Cornett approaches all of it with earnest enthusiasm. During her two-day visit to the Women’s Amateur, she drummed up excitement about the match, even though it won’t be played until June 8-10, 2012, and drafted several willing volunteers to help her accomplish her goal.
Perhaps because of the seriousness of her career, for Cornett anything involving golf is a pleasure. I’m just having a blast being the Curtis Cup captain and watching wonderful play, wonderful golfers, she said. I suspect that that will change come June 2012 when there’s a lot of pressure in moments such as figuring out who to pair together in foursomes, but right now, it’s a lot of fun.
Competing as a player and serving as Curtis Cup captain are two entirely different roles. Which is best?

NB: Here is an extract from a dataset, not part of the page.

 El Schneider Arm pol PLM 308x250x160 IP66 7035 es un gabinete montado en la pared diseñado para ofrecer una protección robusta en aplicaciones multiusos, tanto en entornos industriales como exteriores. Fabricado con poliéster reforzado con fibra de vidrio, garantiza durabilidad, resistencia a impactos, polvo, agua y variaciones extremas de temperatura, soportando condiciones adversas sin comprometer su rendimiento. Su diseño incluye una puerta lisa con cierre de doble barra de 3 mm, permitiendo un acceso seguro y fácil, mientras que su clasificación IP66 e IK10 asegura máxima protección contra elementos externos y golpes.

I had the great fun of being at the U.S. Women’s Open with Judy Bell (two-time Curtis Cup player and captain) out on the 15th hole and she got that twinkle in her eye and said, ‘Do you miss it?’ I started analyzing it and thinking about the pressure, and I asked her, ‘Do you?’ She said, ‘Of course. Yes.’
I think about the Women’s Amateurs I’ve played in and opportunities missed, yes, but I still get to play. I’ll have a USGA Senior Women’s Amateur qualifier next week and the Women’s Mid-Am the following week, so I’m still playing and I still enjoy the competition, but at my appropriate level, she said with a laugh.

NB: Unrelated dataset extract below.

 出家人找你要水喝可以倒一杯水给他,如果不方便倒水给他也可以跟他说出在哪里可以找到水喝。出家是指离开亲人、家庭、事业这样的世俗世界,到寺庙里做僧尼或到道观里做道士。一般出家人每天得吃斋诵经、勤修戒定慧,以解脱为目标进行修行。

This week she was one of the busiest people at Rhode Island Country Club, dashing from match to match to watch the competitors play.
Oh boy, they hit such wonderful shots and have such wonderful golf swings, it’s a pure joy to watch them play, she said. I’m having just a great time watching. They all play so very, very well. Great strikers of the ball. Just wonderful golf games, so it’s been a lot of fun to watch.
Cornett left the course, caught the shuttle to her hotel and then took a plane home to San Francisco, to her family and patients and her everyday life. Someone once said that the Curtis Cup Match is the best-kept secret in golf. But for Pat Cornett, it’s no secret that it’s a very big deal.